From: Jesper Dangaard Brouer <brouer@redhat.com>
To: Frederic Weisbecker <fweisbec@gmail.com>
Cc: Ingo Molnar <mingo@kernel.org>,
LKML <linux-kernel@vger.kernel.org>,
Peter Zijlstra <peterz@infradead.org>,
Linus Torvalds <torvalds@linux-foundation.org>,
Wanpeng Li <wanpeng.li@hotmail.com>,
Thomas Gleixner <tglx@linutronix.de>,
Rik van Riel <riel@redhat.com>,
Stanislaw Gruszka <sgruszka@redhat.com>,
brouer@redhat.com
Subject: Re: [PATCH] sched/cputime: Fix ksoftirqd cputime accounting regression
Date: Wed, 26 Apr 2017 16:30:00 +0200 [thread overview]
Message-ID: <20170426163000.19082290@redhat.com> (raw)
In-Reply-To: <1493129448-5356-1-git-send-email-fweisbec@gmail.com>
On Tue, 25 Apr 2017 16:10:48 +0200
Frederic Weisbecker <fweisbec@gmail.com> wrote:
> irq_time_read() returns the irqtime minus the ksoftirqd time. This
> is necessary because irq_time_read() is used to substract the IRQ time
> from the sum_exec_runtime of a task. If we were to include the softirq
> time of ksoftirqd, this task would substract its own CPU time everytime
> it updates ksoftirqd->sum_exec_runtime which would therefore never
> progress.
>
> But this behaviour got broken by commit a499a5a14db:
> ("sched/cputime: Increment kcpustat directly on irqtime account")
> which now includes ksoftirqd softirq time in the time returned by
> irq_time_read().
>
> This has resulted in wrong ksotfirqd cputime reported to userspace
^^^^^^^^^
Typo in commit message, guess maintainer can fix/amend that.

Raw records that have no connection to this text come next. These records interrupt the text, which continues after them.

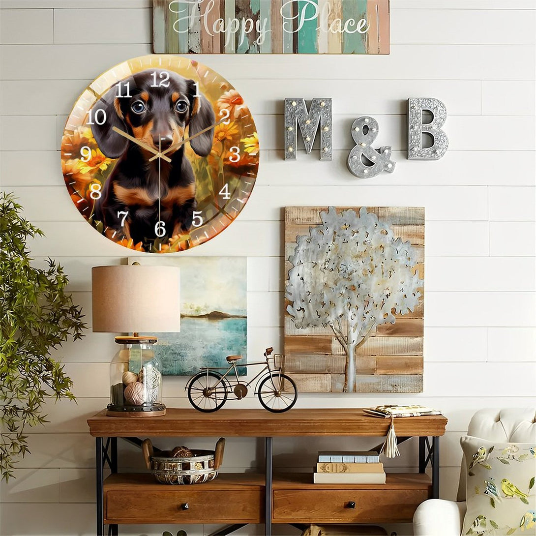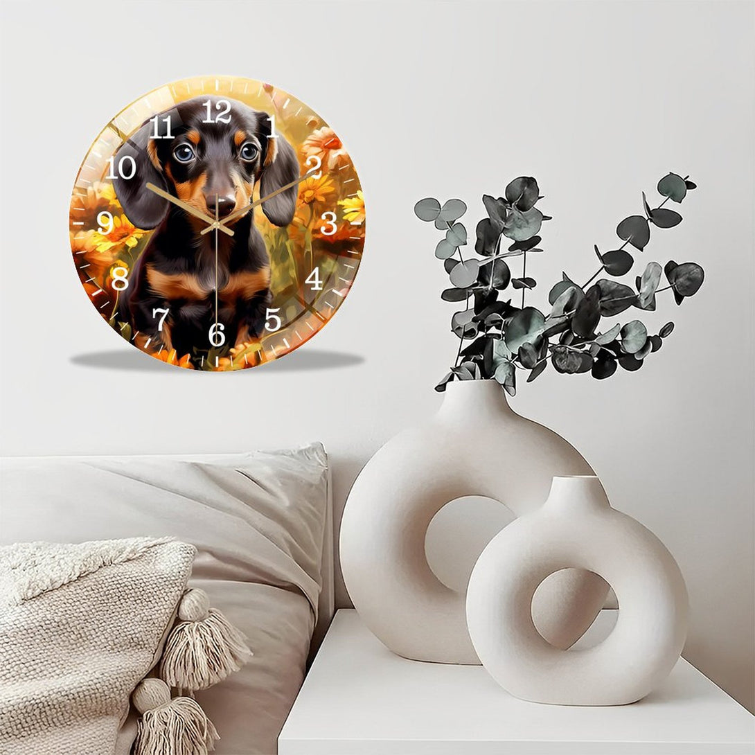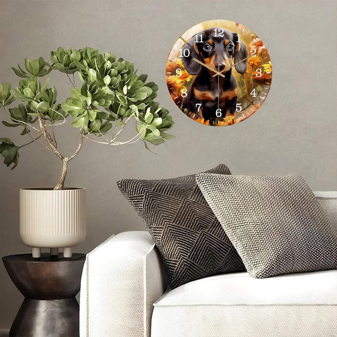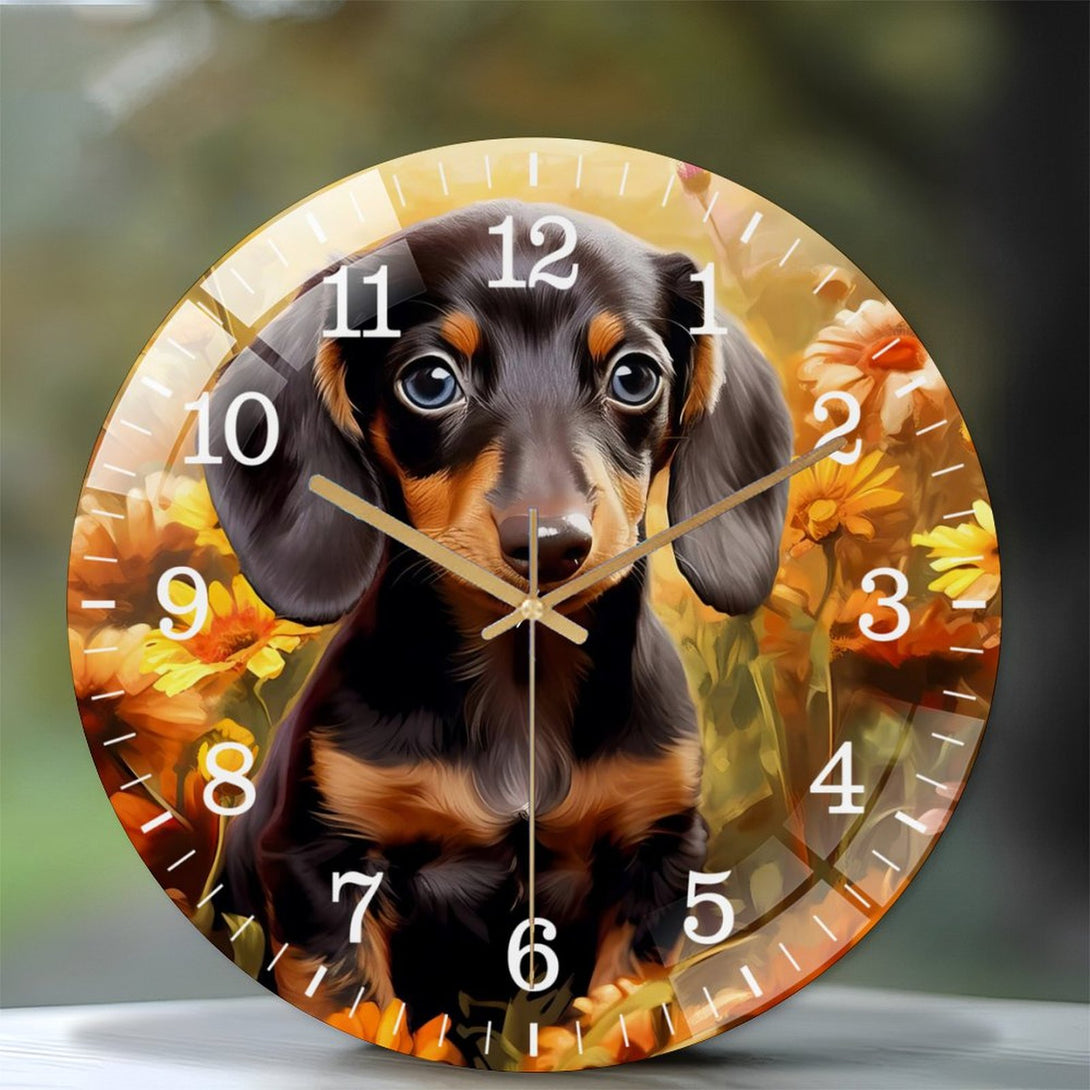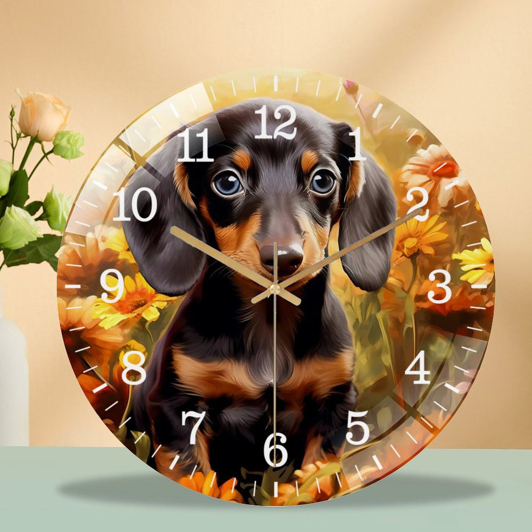 Decor Wall Clocks: Dachhound Glass Wall Clock for Homes, Bars, Offices, Man Caves, Garages, And Living Rooms. Also Makes A Great Gift. Style 12×12inch(30×30cm)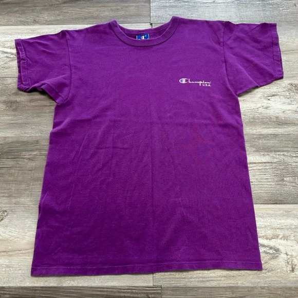 Vintage Champion Purple Mens L Crewneck Plain Blank Brand Logo T-Shirt 90s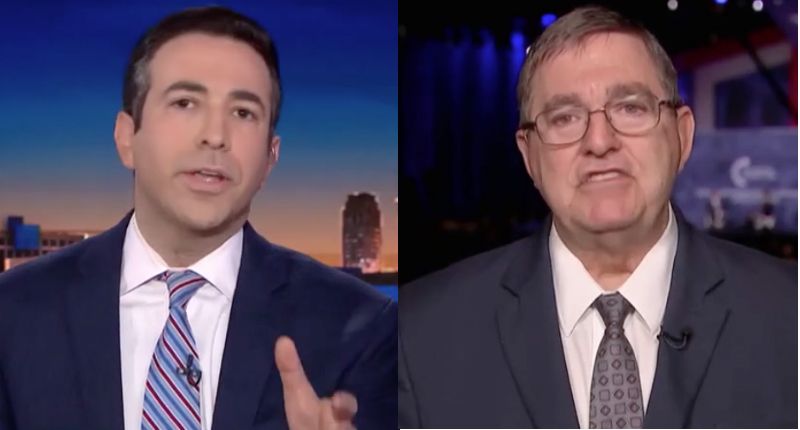 MSNBC host Ari Melber (left) interviewing Rep. Michael Burgess (R-TX, right). Image via screengrab.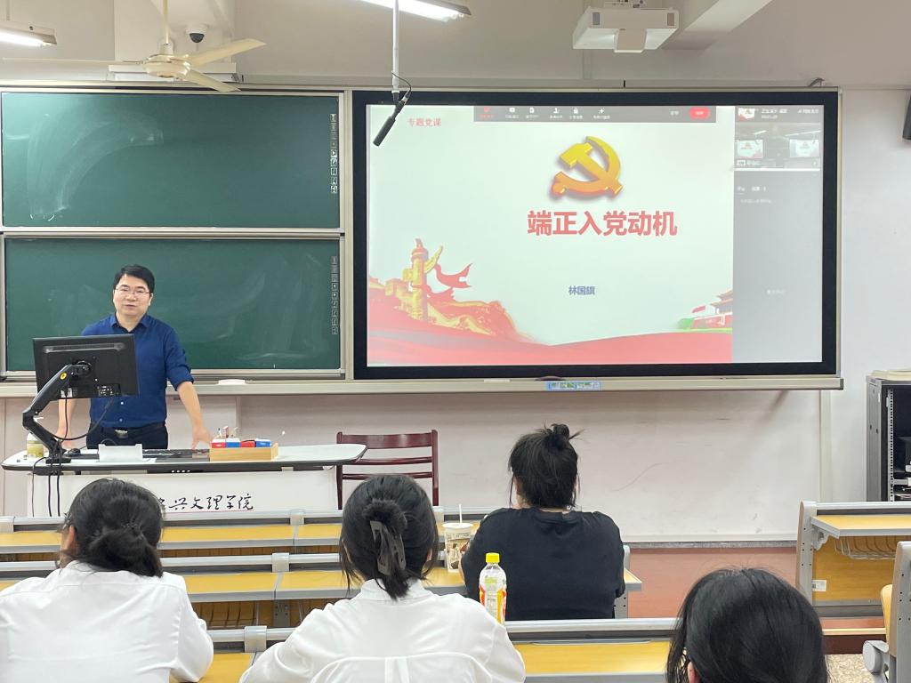 为了进一步强化入党积极分子对党的认识、明确入党初心,开云最新官方党委分党校于10月25日晚,在财贞楼举行第五十六期入党积极分子学习班第一次党课。此次党课由学院党委副书记林国旗主讲,采用线上线下结合的方式。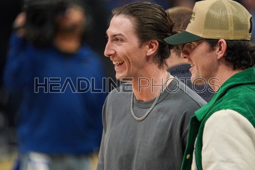 Orlando, Florida, USA, February 27, 2024, Kansas City Chief Punter Tommy Townsend speaking with a friend during the Brooklyn Nets vs Orlando Magic game at the Kia Center. (Photo Credit: Marty Jean-Louis)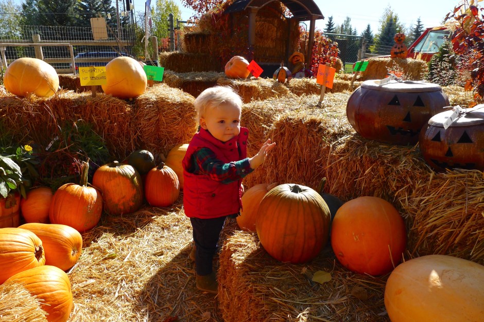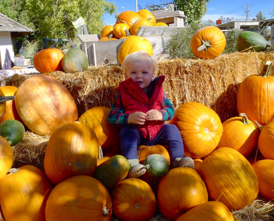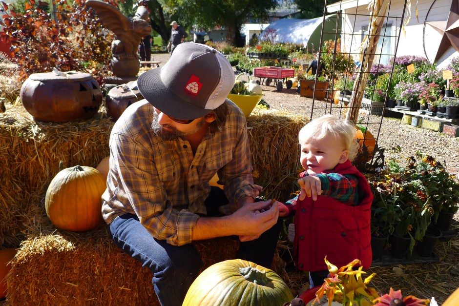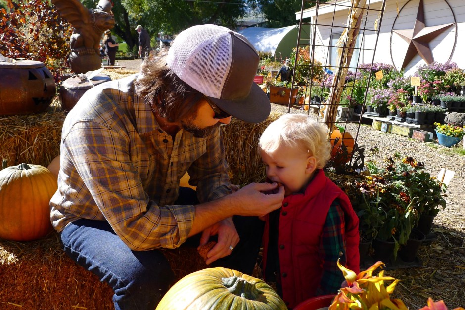Our “happy baby” window was closing as we approached Oden’s lunch time, so we went back to the pumpkins and picked out a few good ones for the front stoop. There was hot cider, coffee, and a plate of yummy treats for patrons, so John and Oden shared a bite of pumpkin bread while Mama selected a few additional décor items. When it was time to go, Oden turned from a little angel to…well, a hungry, tired toddler and treated everyone from here to Wyoming to an epic meltdown. It was the only dark spot on an otherwise fun family morning!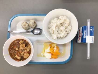 今日の献立は、むぎごはん、マーボーどうふ、しゅうまい、あんにんフルーツ、牛乳です。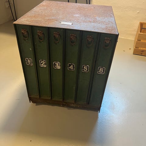 Vintage metal skab med seks rum, nummereret fra 1 til 9 med en trætop. Skabet har en industrielt look og kan bruges til opbevaring i forskellige rum, eller til køkken ø da der er låger på begge sider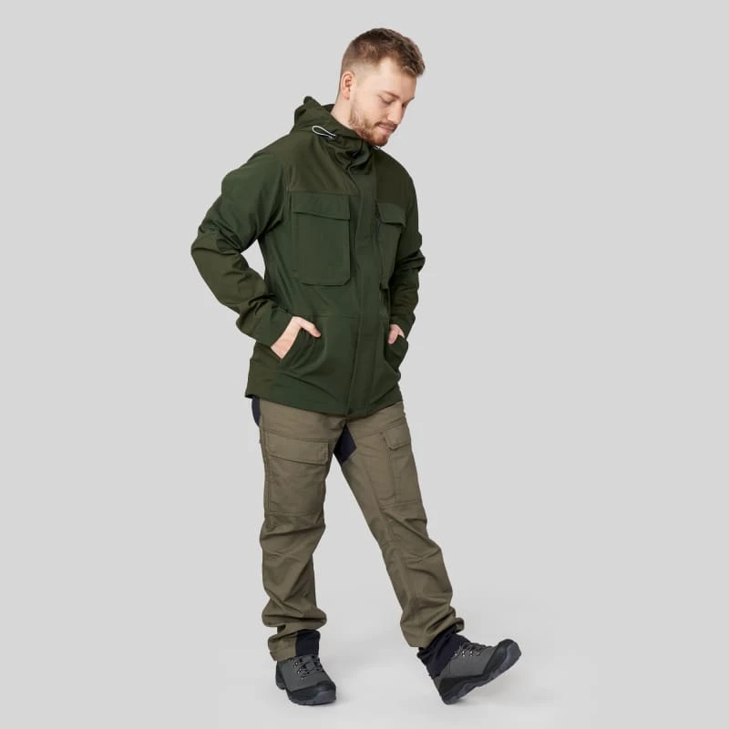 Nordenskiold Trekking Jacket Men’s fra Urberg er en luftig herrejakke for sommerturer. Jakken er laget av et elastisk og bøyelig materiale av bomull og polyester med en impregnering på overflaten som avviser fuktighet. Skuldrene, albuene og bunnen er forsterket for å beskytte mot slitasje. Det er to brystlommer, hvorav den ene er lett tilgjengelig selv når du bruker ryggsekk, og to glidelåslommer i midjen samt en innerlomme. Under ermene er ventilasjonsglidelåser som kan åpnes når temperaturen stiger, og toveis glidelåsen foran hjelper med ekstra ventilasjon.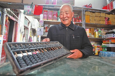 当年习仲勋用过的算盘,刘水柱在自家的小商店里使用至今。许俊文摄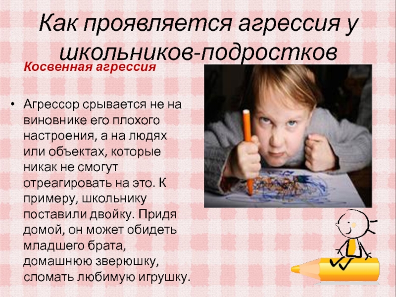 плохого настроения, а на людях или объектах, которые никак не смогут отреагировать на это. К примеру, школьнику поставили двойку. Придя домой, он может обидеть младшего брата, домашнюю зверюшку, сломать любимую игрушку.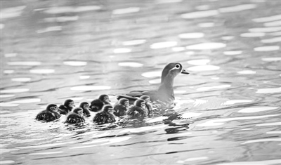 “看到小鸳鸯,也需要运气的。这次的发现者是徐先生,当天他在华家池边散步,走到一棵柳树边,突然从草地里跑出1只大鸳鸯和9只小鸳鸯,发出细小的叫声,然后接连跳进水里。”

> through /proc/stat and thus "top" not showing ksoftirqd when it should
> after intense networking load.
>
> ksoftirqd->stime happens to be correct but it gets scaled down by
> sum_exec_runtime through task_cputime_adjusted().
>
> To fix this, just account the strict IRQ time in a separate counter and
> use it to report the IRQ time.
>
> Reported-and-tested-by: Jesper Dangaard Brouer <brouer@redhat.com>
Acked-by: Jesper Dangaard Brouer <brouer@redhat.com>
Confirming I have tested patch before Frederic posted it, and have been
running with this applied on my net-next testlab kernels since Monday.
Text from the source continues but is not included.